Mean Absolute Error:  0.7362521512772694
Mean Squared Error:  0.9684825097223093
Root Mean Squared Error:  0.9841150896731079


In [25]:
# Looks like Random Forest is still the better model

# K Fold Cross-Validation

In [26]:
# Using K Fold Cross-Validation on the SVM example above

from sklearn.model_selection import cross_val_score

print(cross_val_score(regressor,X,y,cv=5,scoring="neg_mean_absolute_error"))

[-0.66386205 -0.57007269 -0.63598762 -0.96960743 -0.87391702]

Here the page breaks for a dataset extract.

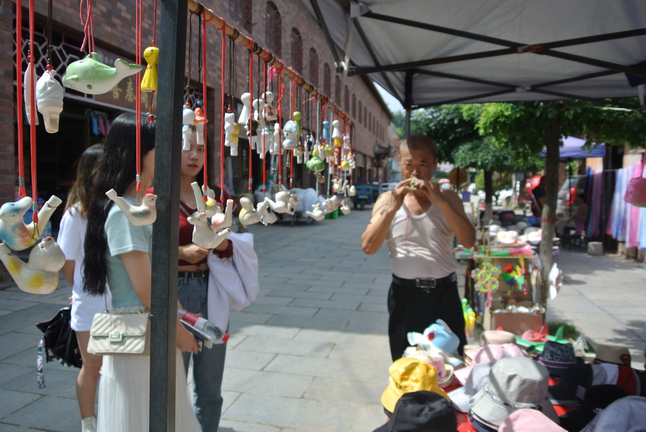 還有各式樣的陶瓷玩具,在販攤上最吸引游客的便是陶笛類的樂器。在一家攤販前,買陶塤的大叔還為我們現(xiàn)場表演了一番那件海豚形狀的陶器樂器。陶器不僅僅用于器具,觀賞性的擺件,在這里也被發(fā)掘為一種樂器,豐富的形式讓這件工藝品更具價值。不由得讓人心動購買它。在鎮(zhèn)子里還可以親手制作陶器,親身感受陶文化的魅力。這里不需要解說,那些肉眼可見的陶器,指尖觸碰到的古鎮(zhèn),都訴說著這個古鎮(zhèn)的點點滴滴。

# Making a Prediction on a Single Record

In [27]:
# Picking the 100th record from our dataset to make a prediction on
tips_df.loc[100]

total_bill     11.35
tip              2.5
sex           Female
smoker           Yes
day              Fri
time          Dinner
size               2
Name: 100, dtype: object

In [29]:
# Trying to predict the value of the tip of the 100th record using the random forest regressor

rf_reg = RandomForestRegressor(random_state=42,n_estimators=500)
regressor = rf_reg.fit(X_train,y_train)

single_record = sc.transform(X.values[100].reshape(1,-1))
predicted_tip = regressor.predict(single_record)
print(predicted_tip)

[2.26622]


In [None]:
# The actual value is 2.5 so the predicted value was pretty close.